=== Problem description ===
Return exactly the lines of the entries, from the one with "Ziyaretine devam etmek" to the last.

=== Exercise input ===
• • • • •
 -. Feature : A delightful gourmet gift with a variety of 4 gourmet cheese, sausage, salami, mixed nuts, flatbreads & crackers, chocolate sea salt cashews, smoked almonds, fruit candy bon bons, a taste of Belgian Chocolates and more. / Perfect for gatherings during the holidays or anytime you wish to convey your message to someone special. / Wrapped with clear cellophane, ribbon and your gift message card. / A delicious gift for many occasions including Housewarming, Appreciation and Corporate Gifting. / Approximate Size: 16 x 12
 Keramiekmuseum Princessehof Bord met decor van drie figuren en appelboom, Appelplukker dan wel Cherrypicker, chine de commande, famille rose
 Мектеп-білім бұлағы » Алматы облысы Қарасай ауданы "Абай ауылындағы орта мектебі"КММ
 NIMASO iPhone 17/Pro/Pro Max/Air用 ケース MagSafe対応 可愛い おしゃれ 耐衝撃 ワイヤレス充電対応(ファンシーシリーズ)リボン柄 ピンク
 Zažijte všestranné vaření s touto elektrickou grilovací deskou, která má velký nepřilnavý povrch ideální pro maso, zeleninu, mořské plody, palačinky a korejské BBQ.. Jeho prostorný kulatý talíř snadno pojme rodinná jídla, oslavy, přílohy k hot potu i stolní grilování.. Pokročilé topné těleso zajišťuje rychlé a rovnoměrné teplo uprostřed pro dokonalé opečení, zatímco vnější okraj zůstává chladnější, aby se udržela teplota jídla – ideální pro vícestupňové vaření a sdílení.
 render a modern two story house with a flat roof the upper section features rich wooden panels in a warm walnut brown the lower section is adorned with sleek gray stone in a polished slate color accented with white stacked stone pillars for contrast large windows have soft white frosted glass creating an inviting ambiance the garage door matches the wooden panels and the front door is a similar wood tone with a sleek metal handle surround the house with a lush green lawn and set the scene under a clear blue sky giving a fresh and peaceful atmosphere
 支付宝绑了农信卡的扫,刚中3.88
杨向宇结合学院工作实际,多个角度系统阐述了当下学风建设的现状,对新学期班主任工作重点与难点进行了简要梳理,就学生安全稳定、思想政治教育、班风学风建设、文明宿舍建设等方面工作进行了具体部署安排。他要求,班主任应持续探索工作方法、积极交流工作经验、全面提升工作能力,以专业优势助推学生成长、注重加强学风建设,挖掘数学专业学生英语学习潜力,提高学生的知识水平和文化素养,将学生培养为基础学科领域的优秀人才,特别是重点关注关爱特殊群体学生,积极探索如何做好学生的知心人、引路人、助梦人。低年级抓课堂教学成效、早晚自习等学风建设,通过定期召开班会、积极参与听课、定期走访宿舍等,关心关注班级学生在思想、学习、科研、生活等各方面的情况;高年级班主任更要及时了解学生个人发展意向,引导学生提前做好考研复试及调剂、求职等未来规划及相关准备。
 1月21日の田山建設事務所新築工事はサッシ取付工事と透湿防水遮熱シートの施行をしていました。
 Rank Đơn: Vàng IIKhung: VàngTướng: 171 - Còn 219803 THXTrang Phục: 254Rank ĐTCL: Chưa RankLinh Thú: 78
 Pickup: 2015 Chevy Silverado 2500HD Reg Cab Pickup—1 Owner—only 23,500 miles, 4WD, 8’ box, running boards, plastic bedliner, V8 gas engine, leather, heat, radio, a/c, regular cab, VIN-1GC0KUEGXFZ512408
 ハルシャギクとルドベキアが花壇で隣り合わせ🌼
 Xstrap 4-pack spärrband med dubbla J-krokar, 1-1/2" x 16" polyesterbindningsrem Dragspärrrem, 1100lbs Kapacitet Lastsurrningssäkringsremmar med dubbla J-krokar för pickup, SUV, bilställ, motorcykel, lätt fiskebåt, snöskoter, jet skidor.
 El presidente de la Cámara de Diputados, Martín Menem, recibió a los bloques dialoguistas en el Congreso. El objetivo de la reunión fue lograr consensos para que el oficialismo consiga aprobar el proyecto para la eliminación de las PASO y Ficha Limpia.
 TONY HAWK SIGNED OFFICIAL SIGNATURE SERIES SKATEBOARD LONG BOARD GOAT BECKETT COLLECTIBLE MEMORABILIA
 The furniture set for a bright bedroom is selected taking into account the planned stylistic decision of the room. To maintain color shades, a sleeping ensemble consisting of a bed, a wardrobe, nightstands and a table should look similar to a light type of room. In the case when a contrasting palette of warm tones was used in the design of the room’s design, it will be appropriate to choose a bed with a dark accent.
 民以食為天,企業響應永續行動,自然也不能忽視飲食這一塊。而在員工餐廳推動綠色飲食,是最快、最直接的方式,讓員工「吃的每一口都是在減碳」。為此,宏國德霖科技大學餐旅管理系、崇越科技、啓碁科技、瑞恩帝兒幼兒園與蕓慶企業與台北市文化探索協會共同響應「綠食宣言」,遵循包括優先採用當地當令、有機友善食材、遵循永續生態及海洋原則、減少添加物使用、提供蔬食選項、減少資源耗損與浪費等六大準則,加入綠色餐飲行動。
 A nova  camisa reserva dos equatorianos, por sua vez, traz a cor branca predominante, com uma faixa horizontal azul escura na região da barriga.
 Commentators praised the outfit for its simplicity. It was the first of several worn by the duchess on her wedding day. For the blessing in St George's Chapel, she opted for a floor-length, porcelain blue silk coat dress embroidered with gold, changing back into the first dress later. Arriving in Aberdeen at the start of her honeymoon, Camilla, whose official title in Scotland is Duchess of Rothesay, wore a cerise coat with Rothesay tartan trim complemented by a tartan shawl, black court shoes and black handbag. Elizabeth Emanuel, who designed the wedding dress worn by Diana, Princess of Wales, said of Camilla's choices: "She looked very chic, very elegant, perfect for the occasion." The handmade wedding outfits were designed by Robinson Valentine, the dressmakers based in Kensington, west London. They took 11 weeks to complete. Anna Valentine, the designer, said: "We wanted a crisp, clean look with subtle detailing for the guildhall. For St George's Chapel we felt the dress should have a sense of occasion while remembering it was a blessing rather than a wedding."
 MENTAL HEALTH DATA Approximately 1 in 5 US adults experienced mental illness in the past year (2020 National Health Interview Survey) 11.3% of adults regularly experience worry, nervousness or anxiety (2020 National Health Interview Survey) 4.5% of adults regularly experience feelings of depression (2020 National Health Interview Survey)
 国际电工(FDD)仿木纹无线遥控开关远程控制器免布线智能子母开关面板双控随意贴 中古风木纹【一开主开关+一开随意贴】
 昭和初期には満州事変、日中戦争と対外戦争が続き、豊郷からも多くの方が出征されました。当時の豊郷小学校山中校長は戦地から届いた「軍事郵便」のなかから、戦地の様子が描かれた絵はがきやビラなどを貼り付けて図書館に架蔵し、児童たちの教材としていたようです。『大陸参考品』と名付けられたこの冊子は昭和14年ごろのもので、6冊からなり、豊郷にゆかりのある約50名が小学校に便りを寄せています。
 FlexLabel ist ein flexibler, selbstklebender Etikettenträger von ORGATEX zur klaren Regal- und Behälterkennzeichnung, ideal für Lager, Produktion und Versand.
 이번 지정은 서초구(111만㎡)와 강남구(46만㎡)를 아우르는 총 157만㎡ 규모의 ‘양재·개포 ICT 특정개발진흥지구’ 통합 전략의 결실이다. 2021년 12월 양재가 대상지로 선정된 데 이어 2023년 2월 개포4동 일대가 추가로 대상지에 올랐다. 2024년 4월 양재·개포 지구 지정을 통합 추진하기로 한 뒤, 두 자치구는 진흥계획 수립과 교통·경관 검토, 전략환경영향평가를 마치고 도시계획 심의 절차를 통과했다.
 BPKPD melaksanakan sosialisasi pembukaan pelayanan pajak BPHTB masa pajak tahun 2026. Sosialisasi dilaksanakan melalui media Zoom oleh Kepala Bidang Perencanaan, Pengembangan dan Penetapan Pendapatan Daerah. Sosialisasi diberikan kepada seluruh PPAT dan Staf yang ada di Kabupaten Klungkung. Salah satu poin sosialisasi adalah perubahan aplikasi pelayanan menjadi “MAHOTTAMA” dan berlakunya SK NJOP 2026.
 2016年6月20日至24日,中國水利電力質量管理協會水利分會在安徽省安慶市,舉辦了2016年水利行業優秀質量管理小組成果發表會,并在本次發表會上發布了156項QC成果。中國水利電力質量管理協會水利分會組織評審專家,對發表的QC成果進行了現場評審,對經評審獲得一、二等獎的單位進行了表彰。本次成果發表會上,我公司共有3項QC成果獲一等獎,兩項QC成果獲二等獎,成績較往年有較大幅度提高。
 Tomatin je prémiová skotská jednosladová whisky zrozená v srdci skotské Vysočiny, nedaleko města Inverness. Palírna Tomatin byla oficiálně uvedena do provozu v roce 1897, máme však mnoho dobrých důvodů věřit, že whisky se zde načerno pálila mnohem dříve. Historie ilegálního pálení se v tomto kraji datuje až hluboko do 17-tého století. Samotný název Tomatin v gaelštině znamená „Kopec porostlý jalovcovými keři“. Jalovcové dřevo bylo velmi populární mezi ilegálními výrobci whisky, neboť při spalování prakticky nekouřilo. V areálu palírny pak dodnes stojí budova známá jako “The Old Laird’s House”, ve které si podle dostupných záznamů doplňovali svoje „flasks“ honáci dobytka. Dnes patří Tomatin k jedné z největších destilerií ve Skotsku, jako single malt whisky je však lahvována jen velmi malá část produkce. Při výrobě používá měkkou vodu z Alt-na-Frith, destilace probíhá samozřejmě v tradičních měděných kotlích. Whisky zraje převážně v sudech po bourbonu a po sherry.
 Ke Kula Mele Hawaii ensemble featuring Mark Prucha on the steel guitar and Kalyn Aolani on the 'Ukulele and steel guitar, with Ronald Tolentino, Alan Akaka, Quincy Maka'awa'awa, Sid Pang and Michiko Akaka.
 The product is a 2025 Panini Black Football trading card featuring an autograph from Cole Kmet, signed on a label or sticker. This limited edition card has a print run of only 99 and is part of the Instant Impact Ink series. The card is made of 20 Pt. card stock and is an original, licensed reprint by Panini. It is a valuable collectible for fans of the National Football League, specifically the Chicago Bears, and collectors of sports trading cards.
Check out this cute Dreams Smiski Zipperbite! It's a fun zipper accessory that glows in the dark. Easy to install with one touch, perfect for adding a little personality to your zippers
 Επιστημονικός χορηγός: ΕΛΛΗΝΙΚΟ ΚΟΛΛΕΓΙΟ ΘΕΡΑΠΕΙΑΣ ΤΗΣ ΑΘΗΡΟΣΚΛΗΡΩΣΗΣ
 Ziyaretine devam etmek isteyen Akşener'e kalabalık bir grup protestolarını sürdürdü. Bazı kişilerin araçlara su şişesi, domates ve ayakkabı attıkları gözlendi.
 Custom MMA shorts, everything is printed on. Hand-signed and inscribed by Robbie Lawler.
• • • • •
=== Response below ===
 Ziyaretine devam etmek isteyen Akşener'e kalabalık bir grup protestolarını sürdürdü. Bazı kişilerin araçlara su şişesi, domates ve ayakkabı attıkları gözlendi.
 Custom MMA shorts, everything is printed on. Hand-signed and inscribed by Robbie Lawler.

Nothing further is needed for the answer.